─── Entries shown ───

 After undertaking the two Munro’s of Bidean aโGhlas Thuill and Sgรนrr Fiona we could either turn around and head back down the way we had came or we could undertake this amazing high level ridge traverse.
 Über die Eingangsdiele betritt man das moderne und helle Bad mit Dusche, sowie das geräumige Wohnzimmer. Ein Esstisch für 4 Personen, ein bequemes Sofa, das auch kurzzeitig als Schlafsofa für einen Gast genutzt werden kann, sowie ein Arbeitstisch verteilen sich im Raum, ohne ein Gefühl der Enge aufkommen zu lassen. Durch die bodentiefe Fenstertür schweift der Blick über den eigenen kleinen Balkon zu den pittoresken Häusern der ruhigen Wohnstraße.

───
─── Entries shown ───

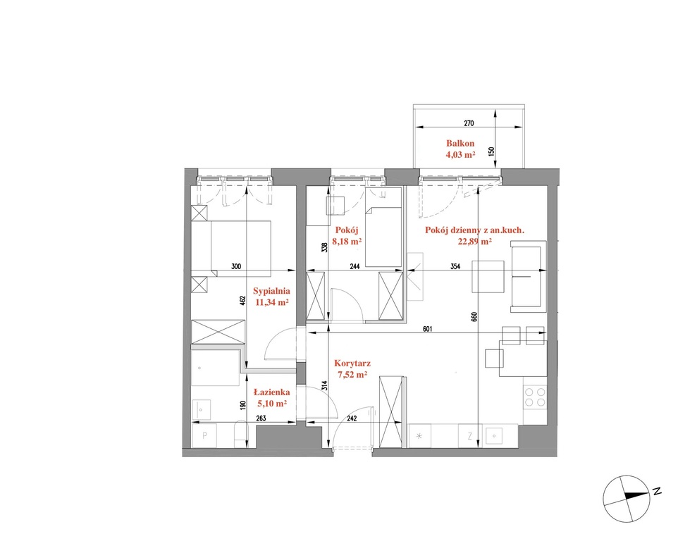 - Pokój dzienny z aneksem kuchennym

───

» Exercise directions
Beginning with the line holding "After undertaking the" and ending with the line holding "Über die Eingangsdiele", write out the stretch of material above exactly; add no further lines.

» Task response
 After undertaking the two Munro’s of Bidean aโGhlas Thuill and Sgรนrr Fiona we could either turn around and head back down the way we had came or we could undertake this amazing high level ridge traverse.
 Über die Eingangsdiele betritt man das moderne und helle Bad mit Dusche, sowie das geräumige Wohnzimmer. Ein Esstisch für 4 Personen, ein bequemes Sofa, das auch kurzzeitig als Schlafsofa für einen Gast genutzt werden kann, sowie ein Arbeitstisch verteilen sich im Raum, ohne ein Gefühl der Enge aufkommen zu lassen. Durch die bodentiefe Fenstertür schweift der Blick über den eigenen kleinen Balkon zu den pittoresken Häusern der ruhigen Wohnstraße.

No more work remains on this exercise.